Dubai/Abu Dhabi/Fujairah: Eyebrow piercings, tongue piercings, tattoos on every part of the body imaginable - some people really do like to stand out from the crowd.
It seems that piercings and 'tats' are becoming more popular in the UAE, with young people in particular keen to express themselves in this colourful and shiny way.
As reported in Gulf News, tattoo parlours here are doing brisk business and salons offering piercings say demand is strong too.
City Talk took to the streets of Dubai, Abu Dhabi and Fujairah and spoke to residents to see if they were itching to get their tongue pierced or their back tattooed.
One person who is definitely not taken with the craze is Bala Gopal, a 50-year-old Indian sales manager.
Gopal said he was "dead against" tattoos and piercings, branding them "exhibitionism".
"I think getting tattoos is dangerous if they use the same needles or syringes without proper precautions - it could transmit Aids. I wouldn't get one done and my children wouldn't either," he said.
Sohail Poonawala, 21, a sales manager from India, said the main thing that put him off getting a tattoo or piercing was he feared the procedures were painful.
"Also, with tattoos, if you didn't want it anymore, you might have to spend money getting it removed. Most people wouldn't like to get a tattoo for these reasons," he said.
Eman Naser, 39, a Canadian of Palestinian descent, said there was "no way" she would get a tattoo or a body piercing.
"It's disgusting - it's that simple.

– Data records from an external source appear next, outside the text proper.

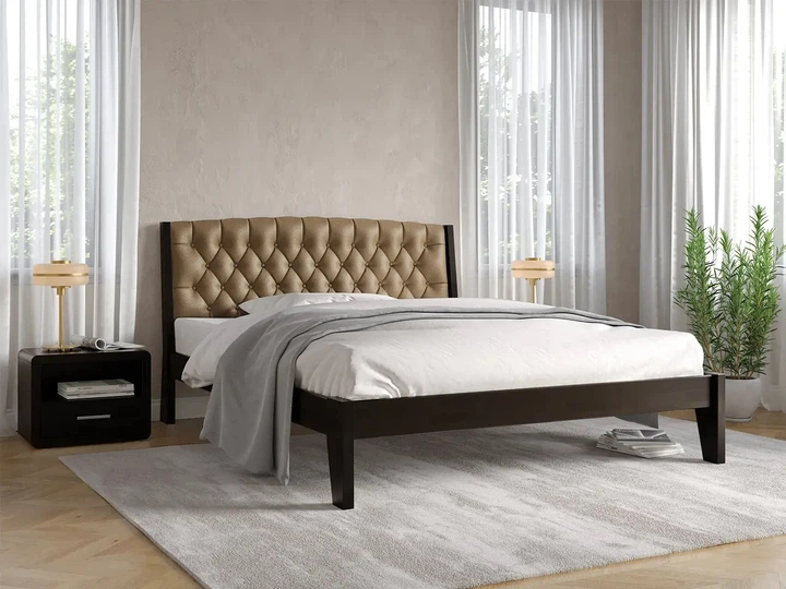 Ліжко двоспальне в спальню з натурального дерева сосна 180х200 Алекс Арбор Древ Венге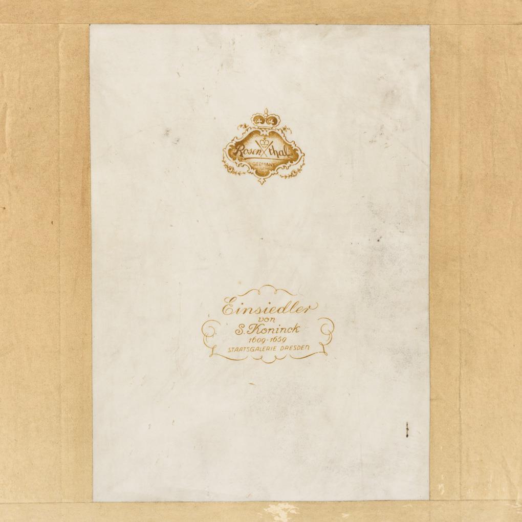 Rechteckige Bildplatte mit der verso bezeichneten Darstellung des in einer Landschaft sitzenden, studierenden Eremiten, nach einem Gemälde von Salomon Koninck (1609-1656).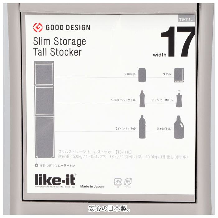 隙間収納 17cm 通販 すきま収納 収納ケース 引き出し 奥行46.5 キッチンラック スリム キッチン 収納 ストッカー リビング 冷蔵庫横 シンク横 洗面所 ランドリー 洗濯機横 ライクイット like-it TS-111L スリムストレージ トールストッカー キッチン隙間収納 キッチン収納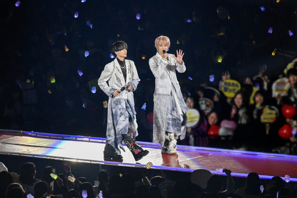 髙橋「冬ですしね! 廉も言ったとおり、前回の3大ドームをやらせていただいたときに2人でもドームをしょうあくできるんだっていう、不安から一気に自信に変わった経験があって。今回はもう本当に一切不安なく、どんどん自分たちから出てくるアイデアみたいなものを信じて、King & Princeらしいポップで少しかわいさとかのいろんなスパイスが効いたライブ作りができたかなと思っています。大阪、福岡と2都市やってきましたけど、どちらもすごいファンの皆様と熱狂することができたかなと思います。今回、東京では皆様を含め、お仕事でもご一緒させていただいている方とかも来ると思うので、みんなに大きくなったよっていうところも見ていただきたいなと思いますし、やっぱり東京ドームは自分たちも普段からよく見る場所で、思い入れはあるので一段とぶちかましていきたいなっていうふうに思います」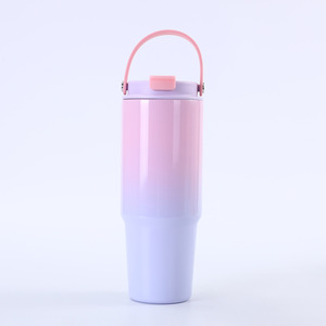 跨境渐变手提冰霸杯30oz汽车杯加厚304不锈钢保温杯高颜值吸管杯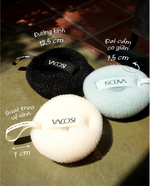 Thiết kế cuộn tròn "donut" và quai đeo ngang: cầm nắm chắc chắn, mau khô, vệ sinh sạch sẽ bông sau mỗi lần sử dụng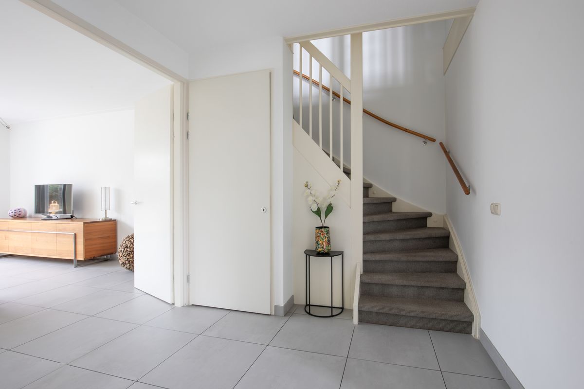 De hoofdentree ligt aan de zijkant van de woning. De ruime hal bevindt zich tussen de tuingerichte woonkamer en de sfeervolle woonkeuken. De dubbele openslaande deuren brengen u vanuit de hal naar de woonkamer, deze heeft een prachtige lichtinval dankzij de vele ramen. De openslaande deuren in de woonkamer brengen u naar de serre/tuinkamer waar u een fraai uitzicht heeft op de tuin en het sierwater. Hier is het ook in de koudere maanden van het jaar heerlijk vertoeven met vrienden en/of familie en lopen op de warme dagen van het jaar binnen en buiten moeiteloos in elkaar over. De serre is voorzien van een elektrisch bedienbaar zonnescherm.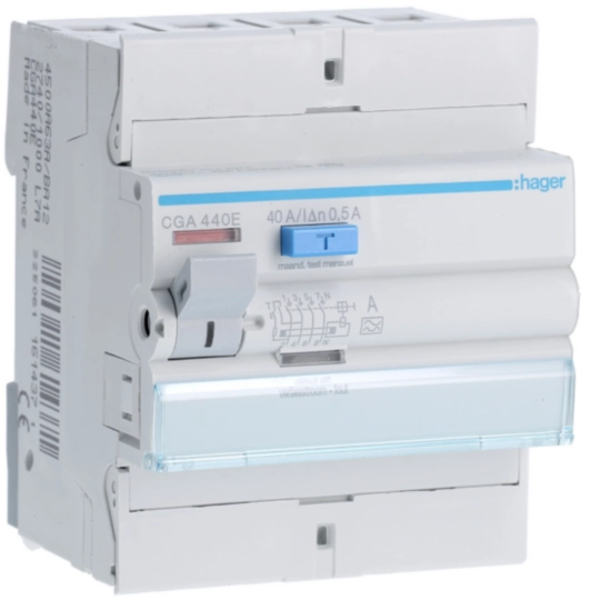 Aardlekschakelaar 4-polig 40 A 500 mA klasse A, CEBEC-keur CGA440E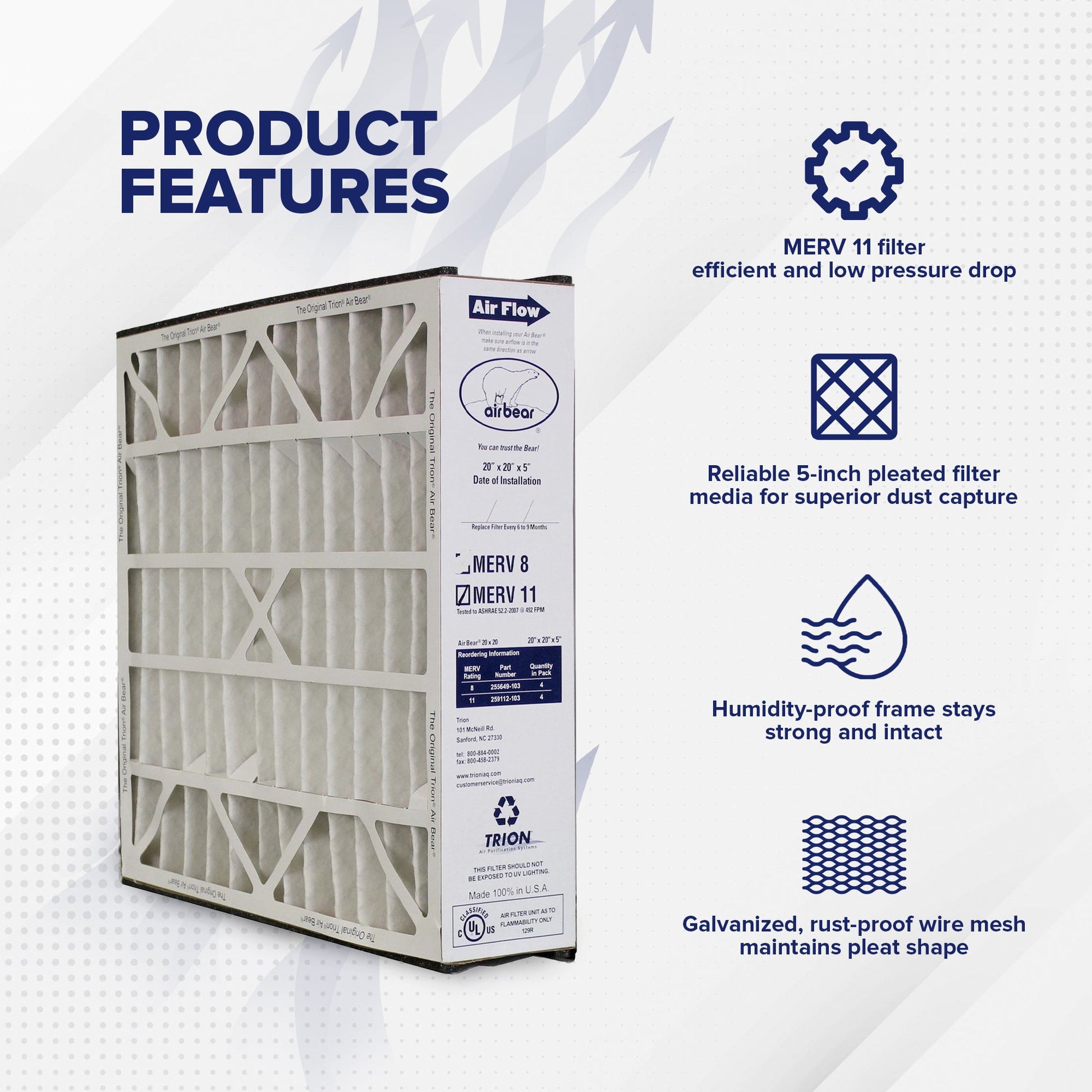 Trion 259112-103 Air Bear 20.5 x 19.75 x 4.78 Inch MERV 11 Air Filter, 4 Pack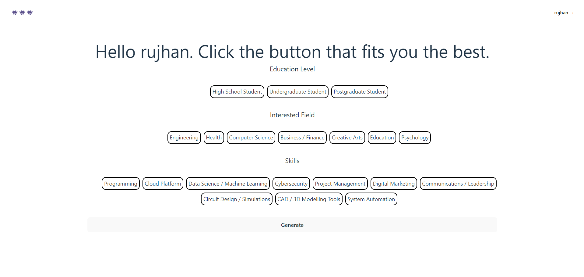 The job market is evolving rapidly, and navigating career paths can feel overwhelming, especially with emerging industries and roles. We wanted to create a solution that empowers students, job seekers, and professionals to make informed decisions with confidence. Our goal was to build a platform that not only advises on the "next steps" but offers a complete roadmap tailored to each individual’s background, skills, and future goals.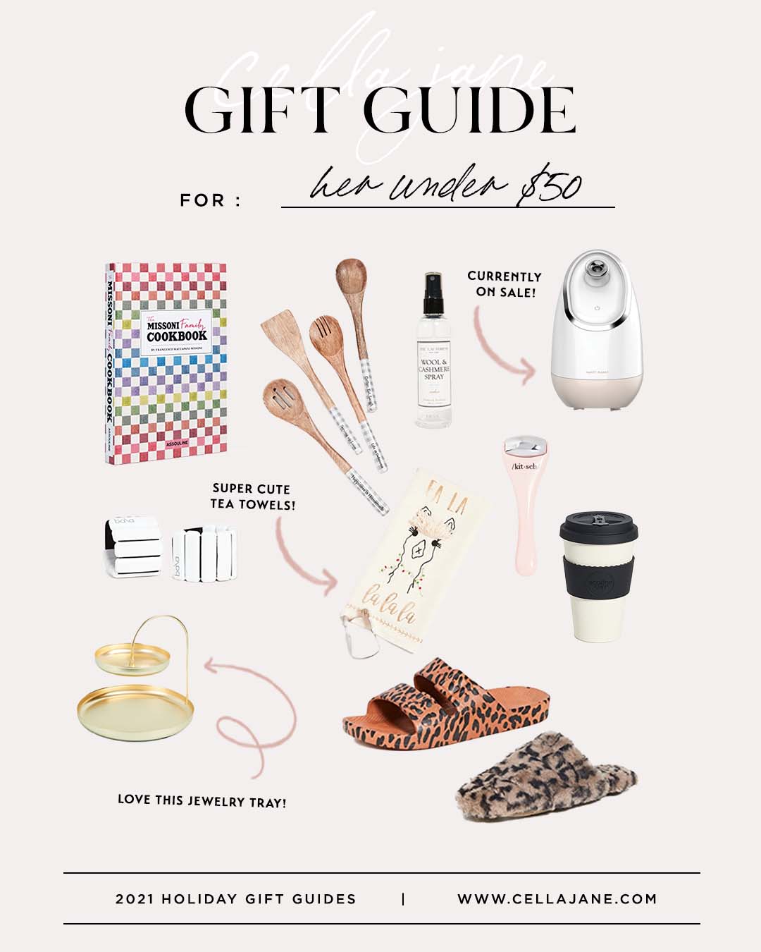 Cookbook // Ankle weights // Utensils // Wool & Cashmere spray // Steamer // Tea towels // Jewelry tray // Slippers // Sandals // Face roller // Coffee mug

I don't know how people can get them done. I hope they will not become more popular. They are really, really ridiculous. I would never let my children have one," she said.
Manal Mohammad, from Jordan, was unenthusiastic about tattoos, saying: "I don't like them and there's no way I would get any because one day you might regret it but it would be too late and you couldn't remove it. I prefer the henna drawing."
She was a bit more positive about piercings, however, adding that she had one herself on her nose. "I like piercing but I don't like it everywhere in the body. I think ear, nose and belly button are fine."
Sol Justiniani, 38, a Filipina currently visiting the UAE, said if she was getting a body piercing done, she would worry about catching a disease. "I think it's not healthy. You could get tetanus and maybe it's painful. I wouldn't get one," she told City Talk.
Indian sales assistant Sajeer C.T., 23, said: "I don't think body piercings look good generally - if it's only a little bit here and there it's not a problem - but sometimes people over do it and that's not attractive.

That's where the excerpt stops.